M. B soutient, dans le dernier état de ses écritures, que :
— les décisions portant obligation de quitter le territoire français, refus de délai de départ volontaire, fixation du pays de destination et interdiction de retour sur le territoire français sont entachées d’incompétence ;
— les décisions portant obligation de quitter le territoire français et portant refus de délai de départ volontaire :
* sont insuffisamment motivées ;
* violent l’article 8 de la Convention européenne de sauvegarde des droits de l’homme et des libertés fondamentales ;
* violent l’article 3 de la Convention internationale des droits de l’enfant ;
* sont entachées d’une erreur manifeste d’appréciation quant aux conséquences sur sa situation personnelle ;
— la décision portant refus d’un délai de départ volontaire :
* est illégale par voie de conséquence de l’illégalité de la décision portant refus de séjour ;
* est entachée d’un vice de procédure tiré de l’absence de saisine de la commission du titre de séjour ;
* est entachée d’une erreur manifeste d’appréciation et d’une erreur d’appréciation notamment au regard de la menace à l’ordre public que constituerait son comportement ;
* est entachée d’un défaut d’examen approfondi de sa situation ;
— la décision fixant le pays de destination :
* est illégale par voie de conséquence de l’illégalité de la décision portant obligation de quitter le territoire français ;
* est entachée d’une erreur de droit ;
* viole les stipulations de l’article 8 de la Convention européenne de sauvegarde des droits de l’homme et des libertés fondamentales ;
— la décision portant interdiction de retour sur le territoire français :
* est illégale par voie de conséquence de l’illégalité des décisions portant obligation de quitter le territoire français et refus d’un délai de départ volontaire ;
* est insuffisamment motivée ;
* est entachée d’une erreur manifeste d’appréciation quant aux conséquences sur sa situation personnelle ;
— la décision portant assignation à résidence est entachée d’une erreur manifeste d’appréciation.
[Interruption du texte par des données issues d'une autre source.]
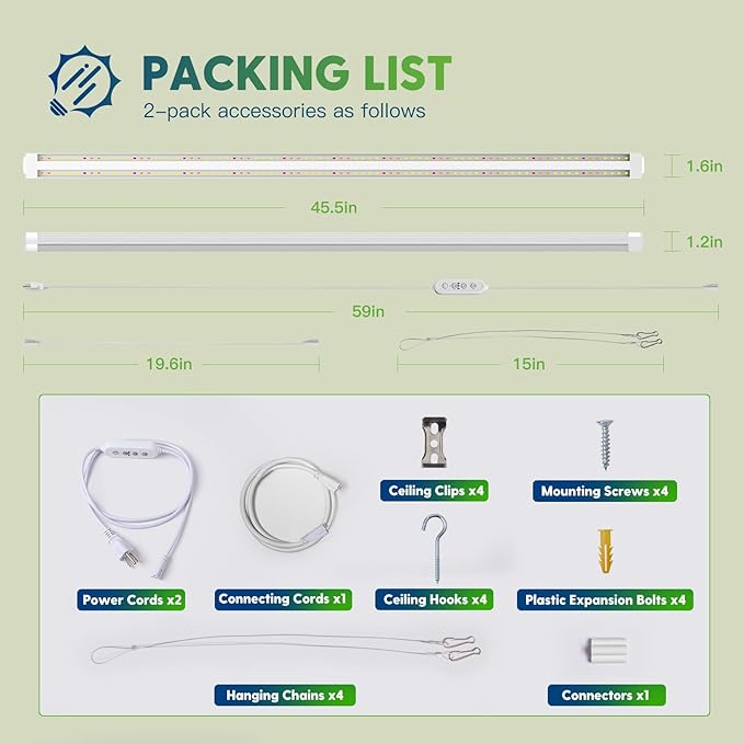 - Easy Installation: Two installation ways—Hanging or Mounting, with included wire rope hooks, clips, connectors, hooks and screws, you could install the plant grow lights indoors by yourself in minutes
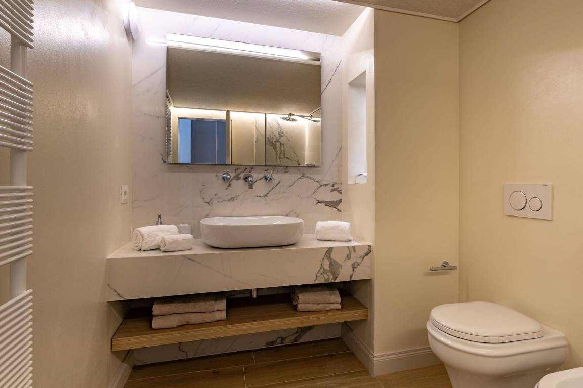 Badezimmer: Waschbecken, WC, Bidet, Dusche, Fön, WiFi Internet.
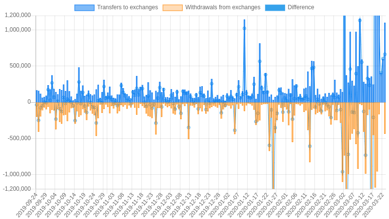 | Date | Transfers to exchanges | Withdrawals from exchanges | Difference |
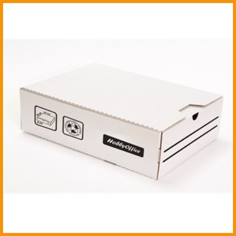 Arkistolaatikko on perinteinen tapa järjestää ja arkistoida kirjanpitoaineisto ja muut tärkeät dokumentit. Laatikko on tukevaa, valkoista aaltopahvia.Koko: A4
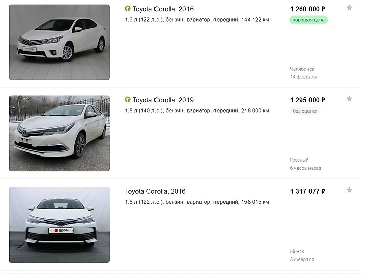 Лучше всего присмотреться к среднему варианту. Toyota Corolla с двигателем 1,6-литра идет как с «механикой», так и «автоматом». За обозначенный бюджет авто в продаже не так много. В основном это дорестайлинговые экземпляры. Самая распространенная вариация на рынке — седан с мотором 1,6 литра в сочетании с вариатором. Стоимость машины от 1 200 000 рублей.
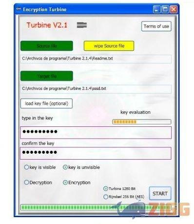 O Turbine codifica qualquer arquivo com o seu próprio algoritmo 1280 bits. Comparado com algoritmos de 128 bits, a proteção do Turbine é muito mais robusta contra ataques criptográficos, pelo menos no papel. Você também pode optar pelo mais convencional AES de 256 bits.
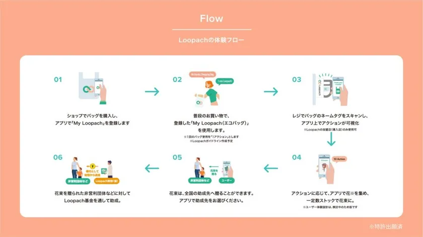 従来のLoopachを使用したお買い物時にバッグにインセンティブ・ポイントが貯まり、ユーザーが寄付先リストより選んだ団体にギフト(1pt=0.5円~)として送ることができる機能はそのままに、社会課題などと接点が少なかった方々にも、楽しみながら自然と考えるきっかけを持っていただける機能として期待しています。
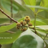 | Botanical Features | Evergreen trees; to 25 m; bark 10-12 mm thick, dark grey, corky, furrowed, prominently pustular-lenticellate; blaze pink, petiole 6-10 mm stout, glabrous; lamina 4-11 x 2-7 cm, obovate, or obovate-oblong, base attenuate or acute, apex acute or obtuse, margin entire, recurved, coriaceous, glabrous and glossy; lateral nerves 6-10 pairs, slender, pinnate, obscure, secondary laterals present; intercostae reticulate, obscure. Flowers bisexual, cream coloured, sessile, small, in short, trichotomous axillary branching cymes; bracteoles minute, calyx tube campanulate, lobes 5-8, ovate, acute, valvate; petals 5-8, clawed, orbicular-cordate, margin deeply lacerate, reddish, inserted on a crenulate disc; disc 10-16 lobed; stamens 10-16, inserted with them on the disc, one of each pair opposite the petal, slightly longer than the other filament, which is opposite to a sepal; filaments filiform; anthers small; ovary half inferior, 3-5-celled; ovules 2 in each cell; style subulate; stigma 4-lobed. Fruit a drupe, 5-6 mm across, red, filiform; seed one, bright orange, subreniform. |
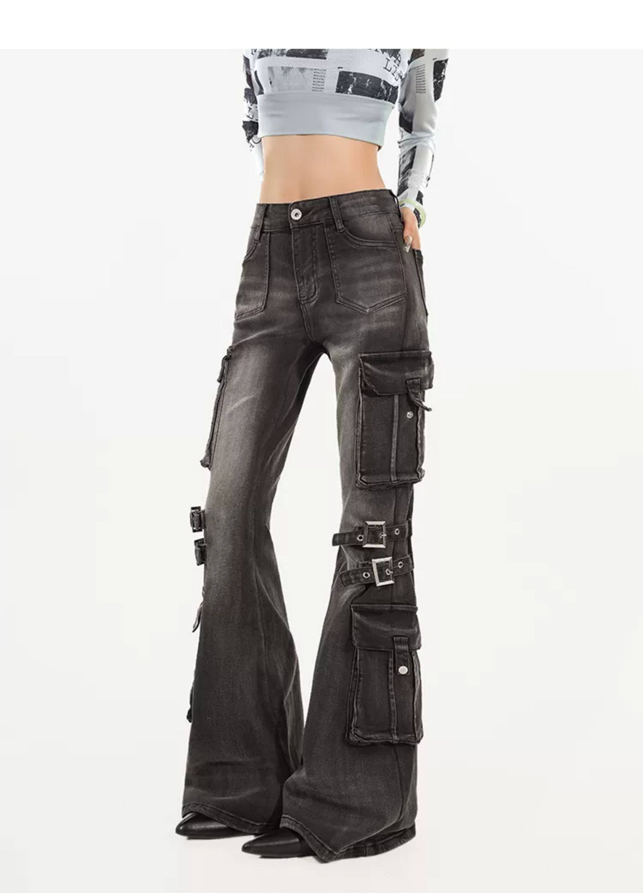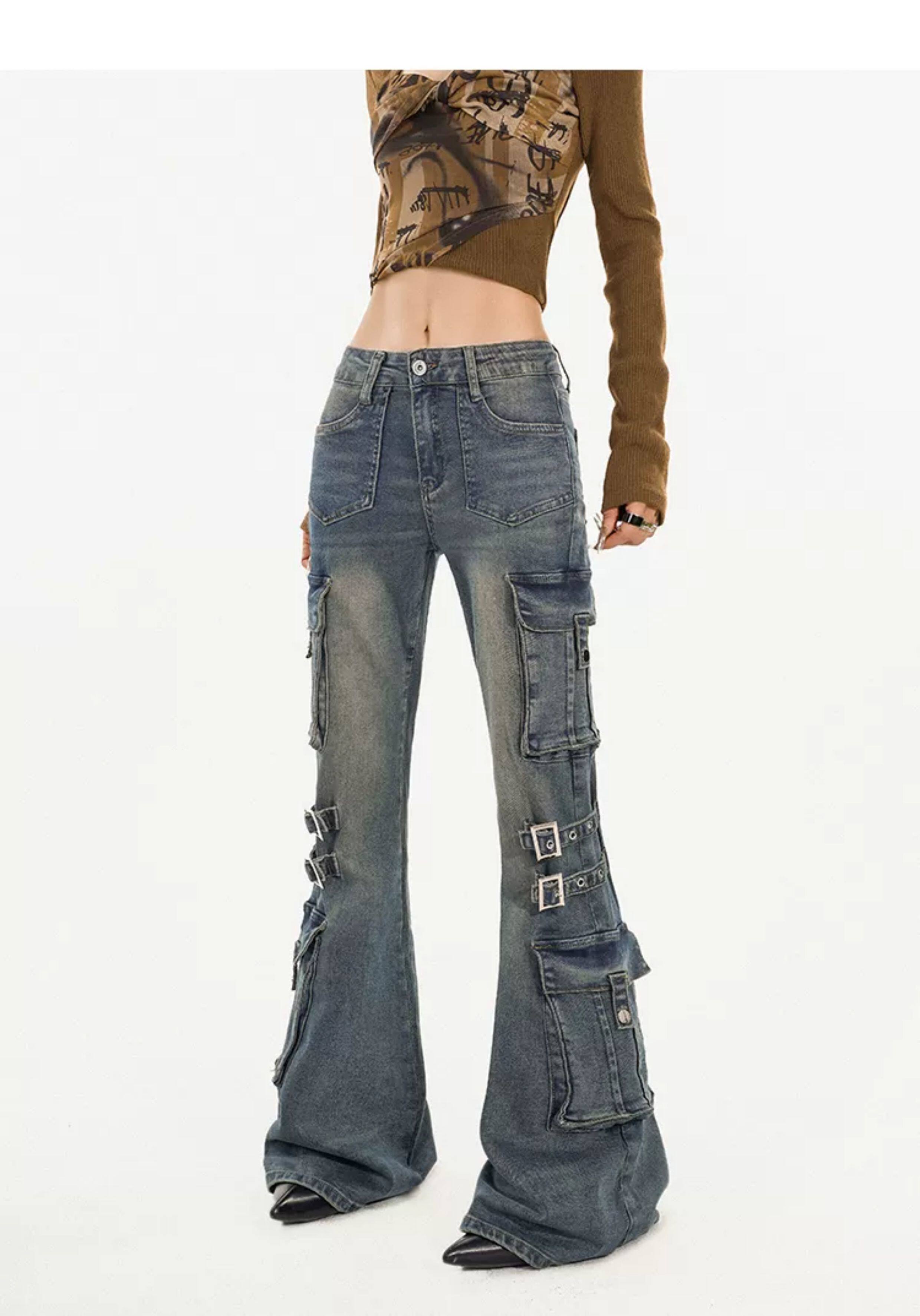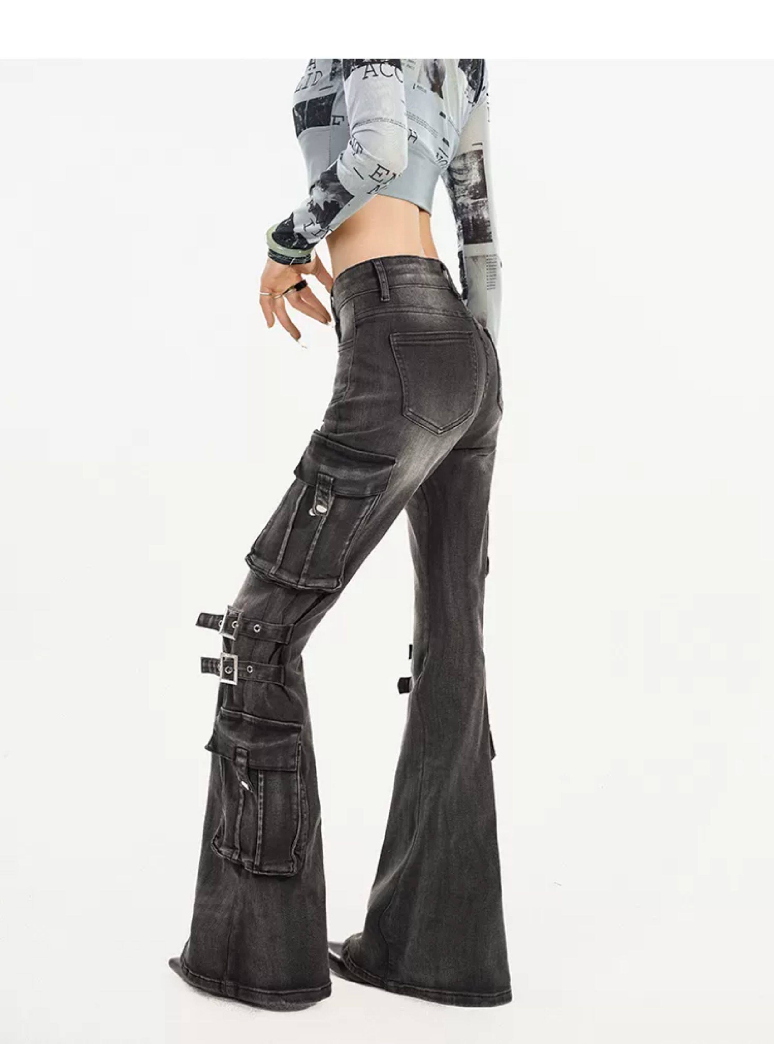 Utility Heavy Craft Slimming Flare Cargo Denim Jeans NA8632

Par un mémoire en défense et une pièce, enregistrés les 6 et 9 décembre 2024, la préfète du Loiret, représentée par le cabinet Actis Avocats, conclut au rejet de la requête.
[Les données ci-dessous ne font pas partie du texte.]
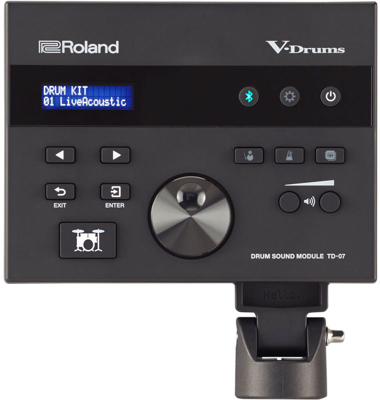 - Звуковой модуль TD-07 с 24 пресетными наборами ударных, 25 пользовательскими наборами ударных и 143 инструментами
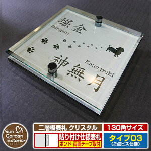 アクリル表札 ネームプレート 二層板表札 クリスタル Type03:2点ビス仕様【130×130mm】 サイズ W130×H130×T26mm 約250g 仕様 表札(取付可能場所:郵便ポスト・機能門柱...
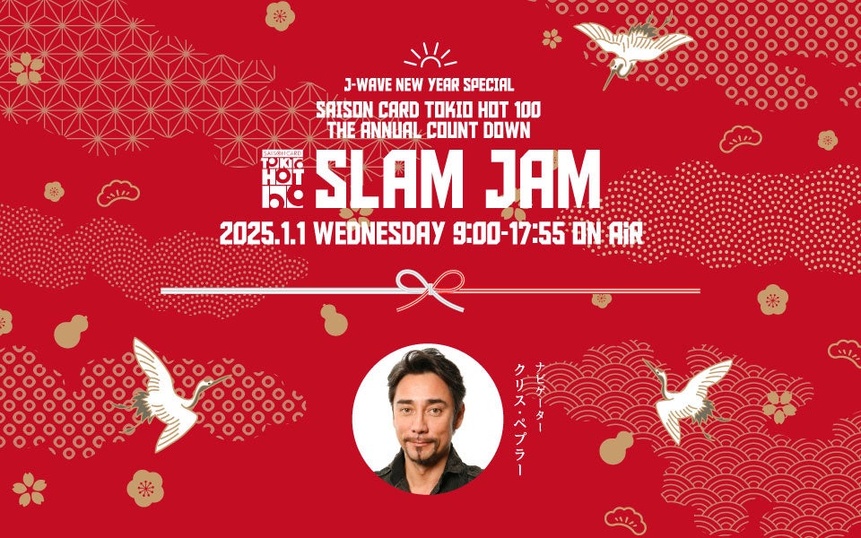 ラジオ局J-WAVE(81.3FM)では、2025年1月1日(水・祝)9:00~17:55、2024年の東京No.1ヒットソングを決める特別番組『J-WAVE NEW YEAR SPECIAL SAISON CARD TOKIO HOT 100 THE ANNUAL COUNT DOWN SLAM JAM』を、クリス・ペプラーのナビゲートで放送いたします。
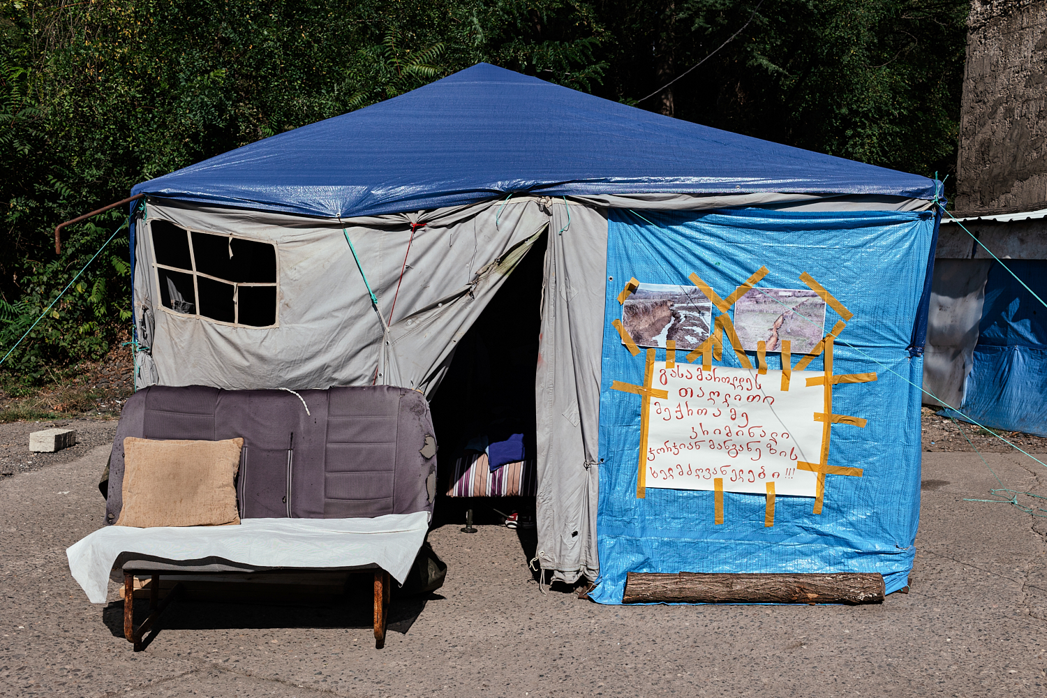 «Мы с первого дня, когда эти процессы начались в 2019 году, начали протестовать, — рассказывает участник протестов Гиорги Непаридзе. — Это уже пятый наш выход и пятый раз, когда нам приходится жить в палатках с нашими семьями. Мы с первого дня хотим, чтобы весь этот процесс был прозрачным, но компания в первую очередь требует от нас, чтобы всё это происходило за закрытыми дверями в глухих кабинетах. Компания обязана была в начале работ начать коммуникацию с жителями деревни и объяснить им риски от открытия рудников [по словам протестующих, в 2017 году были открыты 13 замороженных в советское время шахт — прим. Paper Kartuli]».

Elle soutient qu’aucun des moyens soulevés par M. B n’est fondé.
Vu les autres pièces du dossier.
Vu :
— la directive n° 2008/115/CE du Parlement européen et du Conseil du 16 décembre 2008 relative aux normes et procédures communes applicables dans les États membres au retour des ressortissants de pays tiers en séjour irrégulier ;
— le code de l’entrée et du séjour des étrangers et du droit d’asile ;
— le code de justice administrative.
Le président du Tribunal a désigné M. Girard-Ratrenaharimanga, premier conseiller, pour statuer sur les requêtes relevant de la procédure prévue aux articles L. 776-1 et R. 776-1 du code de justice administrative dans leur rédaction valable à compter du 15 juillet 2024.
Les parties ont été régulièrement averties du jour de l’audience.
Ont été entendus au cours de l’audience publique :
— le rapport de M. Girard-Ratrenaharimanga, qui a informé les parties, en application des dispositions de l’article R. 611-7-3 du code de justice administrative, de ce que la juridiction est susceptible de prononcer d’office une mesure d’injonction tendant à enjoindre à l’autorité préfectorale de prendre toute mesure propre à mettre fin au signalement de M. B dans le système d’information Schengen ;
— les observations de Me Roulet, représentant M. B, qui :
* conclut aux mêmes fins que la requête par les mêmes moyens et :
* précise que, sous la décision portant refus d’un délai de départ volontaire :
** le moyen tiré de l’illégalité par voie de conséquence s’entend de la décision portant obligation de quitter le territoire français et non celle inexistante de refus de séjour ;
** abandonne le moyen tiré du vice de procédure tiré de l’absence de saisine de la commission du titre de séjour ;
— M. B qui indique avoir fait de « mauvaises choses », être « tombé dedans » car il n’a pu régulariser sa situation malgré des démarches entreprises depuis plus de dix ans, qu’il a fait des démarches pour travailler. Il ajoute que bien qu’il soit en détention, cette dernière ne concernent que des « petites choses » et qu’il s’occupe de ses enfants, il aide financièrement sa famille, il fait du bénévolat. Il termine en précisant avoir été à toutes les échographies ;
— et Me Kao, représentant la préfète du Loiret, absente, qui reprend les moyens du mémoire en défense.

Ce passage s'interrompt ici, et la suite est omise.